-- What to produce --
Skip all pictures; return exactly the lines from the one containing "夜風中(SONY K2HD系列)(2017SONY 特價系列K2HD)專輯背面圖片" through the end of the data.

-- Data excerpt --

_ _ _ _ _

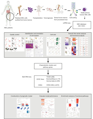 This study analyzed single-cell transcriptomic data from AML patients to characterize the differentiation landscape and intratumoral heterogeneity, identify key genes involved in dedifferentiation and immune regulation, and focus on the potential role of UNC13D in modulating immune escape and dedifferentiated states. By integrating bulk RNA sequencing data from The Cancer Genome Atlas (TCGA) and an external validation cohort, we further constructed and validated a prognostic risk model incorporating both immune and dedifferentiation signatures, and explored its biological underpinnings through cell-cell communication analysis and pathway enrichment (Figure 1). These findings may provide novel theoretical insights and therapeutic targets for the pathogenesis, early diagnosis, and individualized treatment of AML. We present this article in accordance with the TRIPOD reporting checklist (available at https://tcr.amegroups.com/article/view/10.21037/tcr-2025-aw-2307/rc).
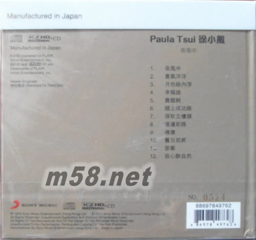 夜風中(SONY K2HD系列)(2017SONY 特價系列K2HD)專輯背面圖片
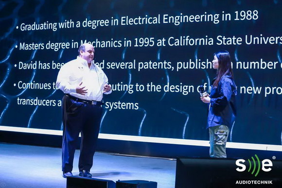 SE聲學(xué)研發(fā)經(jīng)理David Bie則向大家展示了B系列低音所做的各類檢測及實(shí)驗(yàn)結(jié)果,用真實(shí)可靠的數(shù)據(jù)向大家證明SE音箱的品質(zhì)經(jīng)得起時(shí)間考驗(yàn),敢于向客戶作出音箱質(zhì)量承諾!案呖煽啃、高聲壓級、輕重量” B系列低音就是這樣引領(lǐng)著超低音箱革命的潮流。
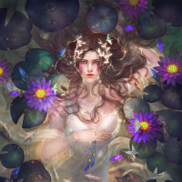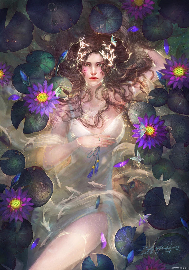 purple flowers and green plants that are likely waterlilies, which are common in ponds and lakes. Her expression is serene, and she has an ethereal quality due to

_ _ _ _ _

-- Exercise output --
 夜風中(SONY K2HD系列)(2017SONY 特價系列K2HD)專輯背面圖片
 SE聲學(xué)研發(fā)經(jīng)理David Bie則向大家展示了B系列低音所做的各類檢測及實(shí)驗(yàn)結(jié)果,用真實(shí)可靠的數(shù)據(jù)向大家證明SE音箱的品質(zhì)經(jīng)得起時(shí)間考驗(yàn),敢于向客戶作出音箱質(zhì)量承諾!案呖煽啃、高聲壓級、輕重量” B系列低音就是這樣引領(lǐng)著超低音箱革命的潮流。
 purple flowers and green plants that are likely waterlilies, which are common in ponds and lakes. Her expression is serene, and she has an ethereal quality due to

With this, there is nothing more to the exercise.